5:20 PM on Saturday night, looking for the correct size air filter at the local superstore. My phone dings and chirps, as I receive almost simultaneous email and twitter alerts; our production application can’t talk to it’s database. As a SaaS company, it rolls downhill. An unexpected outage with our application means an unexpected service outage for our customers. Time to head home and start troubleshooting.
5:45 PM. After logging into the service provider dashboard, I find that the database services tab is completely non-functional. Attempts to connect to the database from home also fails. Various other troubleshooting directions are followed and also meet in failure.
And then some scheduled jobs in our development and staging environments kick off and also report database timeouts. It’s getting increasingly unlikely that this is us, time to contact support.
6.45 PM. Calling support leaves me in a hold queue that is experiencing “longer than normal call volume”. Maybe this isn’t just me? I check the service status page and everything is green. Still waiting on hold. I check twitter and don’t see any mentions.
7:10 PM. Lets check the public forums…ah, there’s a few other people with this problem. I add my own personal story so we can help flesh out the picture of what’s going on.
7:15 PM. 30 minutes into the hold queue and I just got transferred to a ringing phone. After seeing the forum post, I suspect I’ll end up getting a canned “We know there’s a problem, we don’t know what it is or when it will be fixed, thank you for all your money” speech. So I’m a little surprised when after two minutes of ringing the phone simply goes dead.

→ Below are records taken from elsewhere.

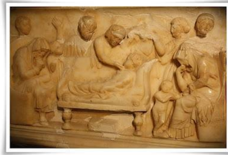
Resim 3.11. Lahit yas sahnesi

Kanunlarda gösterilen ve belli kurallara bağlanan cenaze törenlerinin düzenlenmesinde özellikle cenaze harcamaları sınırlanmaya çalışılmıştır. Ölen bir Romalının mirası, başta karısı olmak üzere çocuklarına eğer çocuğu yoksa, erkek tarafından gelen torunlara daha sonrasında baba soyundan gelen akrabalara, öncelikle erkek kardeşlere ve evlenmemiş kız kardeşlere kalırdı 111 .
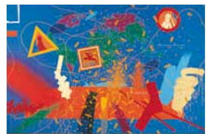
À mon seul désir, 1979

huile sur toile, 130 x 97 cm collection de l'artiste
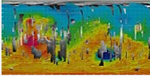
Mars: Von der HRSC-Kamera aufgenommene Gebiete

Nach diesem Prinzip lässt sich eine großflächige Kartierung der Marsoberfläche erreichen, in der nicht nur Details bis zu zehn Meter Größe festgehalten werden, sondern gleichzeitig auch die "dritte Dimension", also topographische Daten, Eingang finden. Zusätzlich zu den HRSC-Bildstreifen liefert ein in das Kamerasystem integriertes Teleskop, der "Super Resolution Channel" SRC, von ausgewählten kleinen Gebieten inmitten der HRSC-Aufnahmen quadratische Bilder in vierfach höherer Auflösung. Hauptaufgabe des HRSC-Experiments auf Mars Express ist es, den ganzen Planeten (dessen Fläche von 145 Millionen Quadratkilometer etwa der aller Kontinente der Erde entspricht) in hoher Auflösung, Farbe und 3-D zu erfassen. Dieses Ziel könnte mit einer - von der ESA bereits ins Auge gefassten - Verlängerung der Mission bis Ende 2007 erreicht werden. Zum gegenwärtigen Zeitpunkt hat die HRSC bereits über zwanzig Prozent des Mars in guter bis sehr guter Auflösung fotografiert.
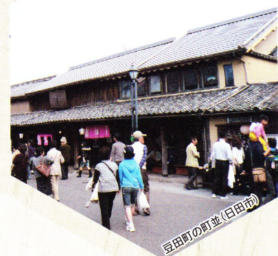
豆田町の町並(日田市)
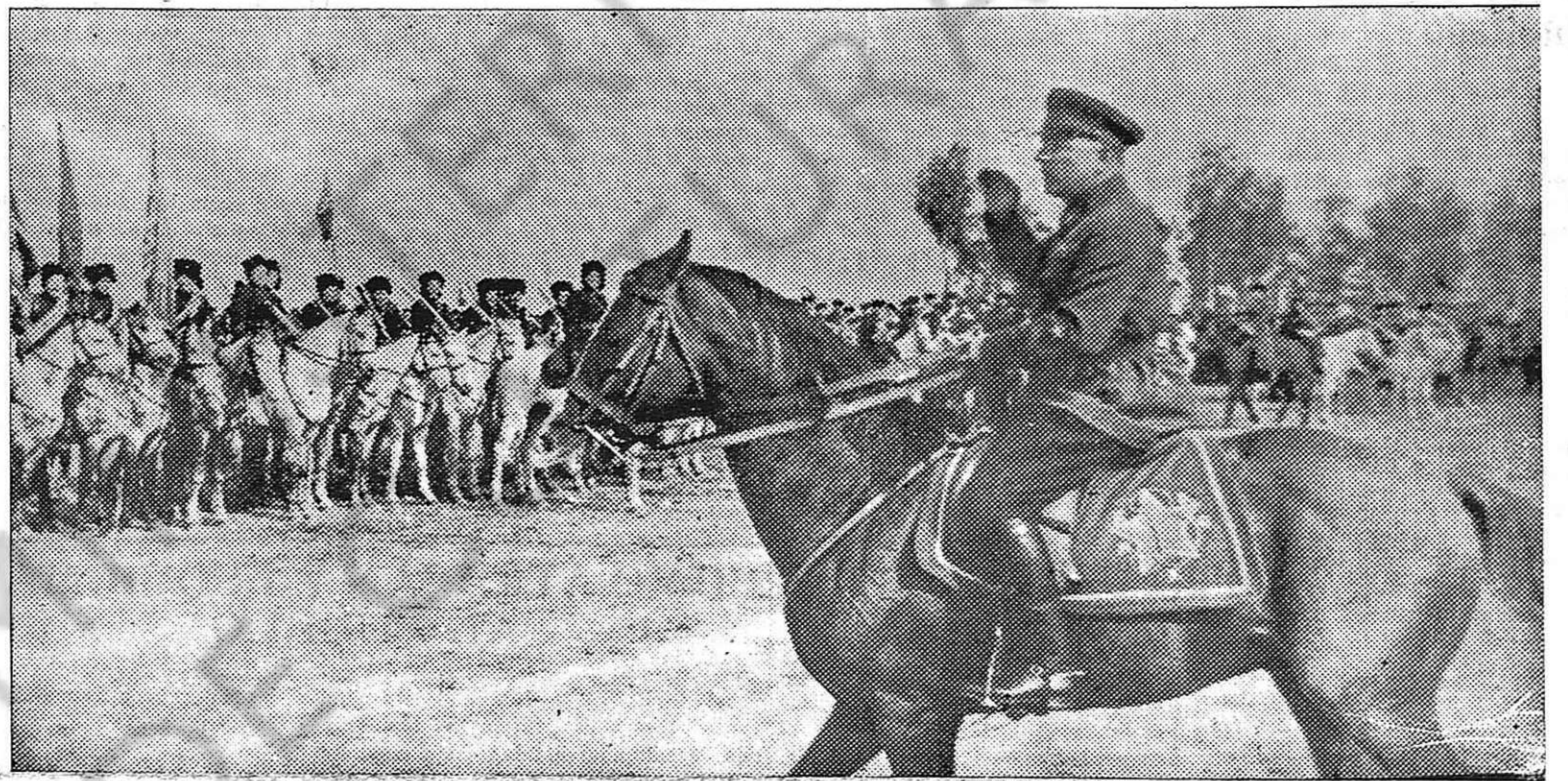
El mariscal Vorochilov durante una revista.
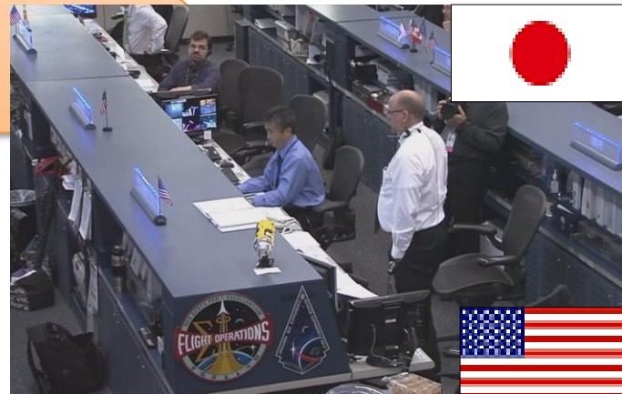
若田飛行士によるISSへの連絡・指示 (NASA運用管制室)
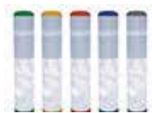
Außenhülle in Wunschfarbe
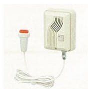
緊急呼出しボタン

全室にトイレ、洗面化粧台、緊急呼出しボタンを完備した完全な個室で、確かな安心とプライベートをお約束します。広々とした清潔なお部屋で、ご自分の時間を快適にゆったりとお過ごしいただけます。また、使い慣れた家具等の持ち込みもできますので、安心した生活空間でお過ごしいただけます。
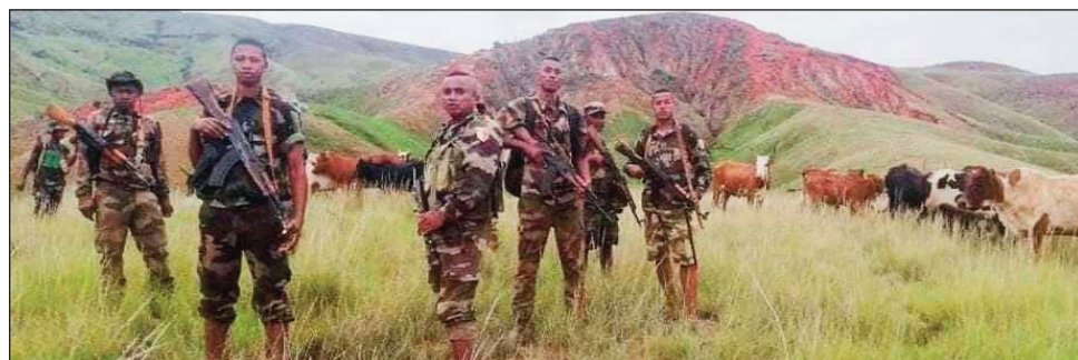
Ireo miaramila tany Tanimbaritsara Tsaratanana, sy ireo omby azon'izy ireo tany amin'ireo dahalo.
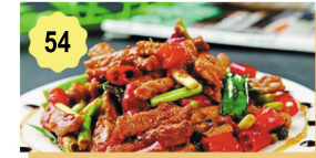
54 Boeuf sichuan (piquant) Beef sichuan (spicy) 12.80€
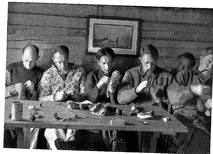
«Stoppsted» — Nedalen
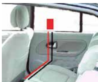
Kablerne trækkes så transponderen nemt kan tilsluttes strøm.

På youtube.com kan du finde flere videoer, søg på "balise chronopist" eller kik på chronopist.com (hjemmeside på fransk)
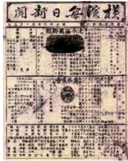
요코하마 마이니치 신문(1870)
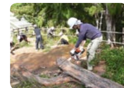
地元ボランティアによる外来植物駆除作業
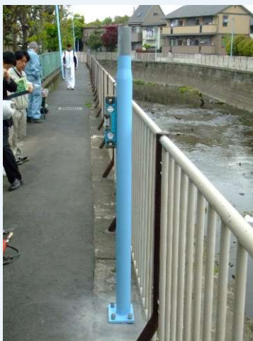
①分割タイプ下柱を設置
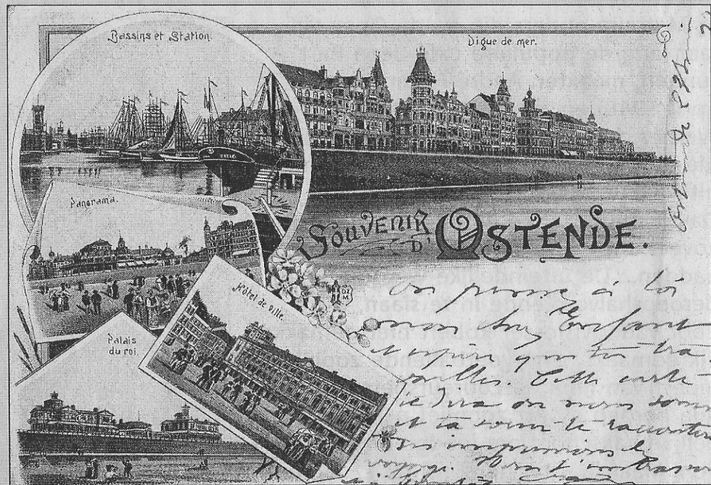
Een prentkaart verzonden in het jaar 1907.

Wie met veel interesse prentkaarten verzamelt, is nooit uitgekeken op die kleine parels die pientere uitgevers publiceerden.
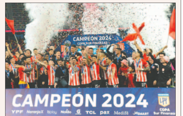
Celebran los jugadores de Estudiantes el título obtenido en Argentina
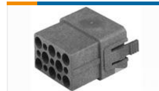
TE 产品编号1103017-2 MDL2.HN.D.15.BU.C
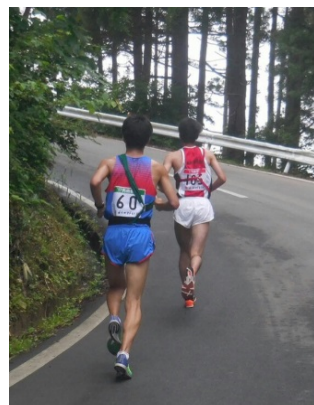
6区清本(1年アスリート)

By now I’ve added a few tweets to twitter with the appropriate tags, started looking at the SLA information for the service, and generally just continue to waste my evening in front of the computer instead of spending time with my wife and two year old.
And time passes.
8:10 PM. I’ve been refreshing the status dashboard every 10 minutes since I first opened it but this is the first change. Red notifications show up, along with hourly messages going back in time to 5:11 PM. I add a note to the forum and a tweet for anyone else waiting for some word from our service provider. The messages are fairly generic and innocuous, admitting that some customers may experience outages with given services and regions. We apologize for the inconvenience.
We couldn’t be bothered to provide an update for 3 hours, but we apologize for the inconvenience.
Your business has been down for three hours and there was no official announcement you could point your customers to, but we apologize for the inconvenience.
Admit Your Service Outages?
I would bet we have all worked with companies or products that go to great pains not to announce bugs or outages to their end users. After all, admitting an outage means that the people that didn’t get affected will know about it too, and that looks bad.
Maybe we’re afraid of upsetting users that weren’t online at the time, of losing customers, of warning off potential users, of providing inside information to our competitors, or getting negative press.
Been There…
I once worked with a manager that screened each outage email, broadcasting only the ones that he felt were important enough to be forwarded, which tended to be none of them. Our service levels improved amazingly in the short term. Unfortunately since we weren’t keeping our users informed, each outage took longer to correct as we also fielded calls from end users thinking it was just a problem with their system. Which meant our mean time to fix outages went down and affected more people. Which meant that the overall public consensus of our service level got poorer, especially as people realized we were simply not reporting our outages anymore.
We lost credibility. Our service levels were reduced to levels we had worked years to raise them from. The trust our end users extended to us was heavily impacted.
Before that slow slide back into the mud, we had originally climbed out by being open about our outages. Every outage had been announced, often before we had a fix identified, with follow-ups when information was available. Users trusted us more because they could see us jumping on problems, hear us being honest and open with them, and see the problems getting taken care of. We didn’t have to tell them how much things were improving, they saw it.
But we stopped admitting our outages, and for a short time we looked even better. Then we looked far, far worse.
Pretending Doesn’t Make It So
Hiding bad news to protect your image is a short term loan with major long term costs. Your statistics are broken, so justifying and performing root cause analysis is that much harder. You are limited in what you can ask or discuss with your customers, because each one has to be treated as a potential leak. Your support services are put under a lot of strain and probably built with a higher focus on cost reduction than quality of service.
In short, all of the energy you are spending to look awesome is actually moving you further away and unlikely to be fooling your end users.
Back to Saturday Night
Saturday night, a well known service provider had an outage that shut down our business for 3 hours and 31 minutes.
For 3 hours we were in the dark and then, when an update was provided, it was backdated to look like we had been kept in the loop the whole time. Countless hours were wasted as we and many other customers tried troubleshooting a problem that wasn’t in our systems. The support center was overloaded (or just not responding). And at the end of the night a degree of credibility and trust was thrown away.
Someone had an opportunity to shine, and instead chose to make a bad situation that much worse.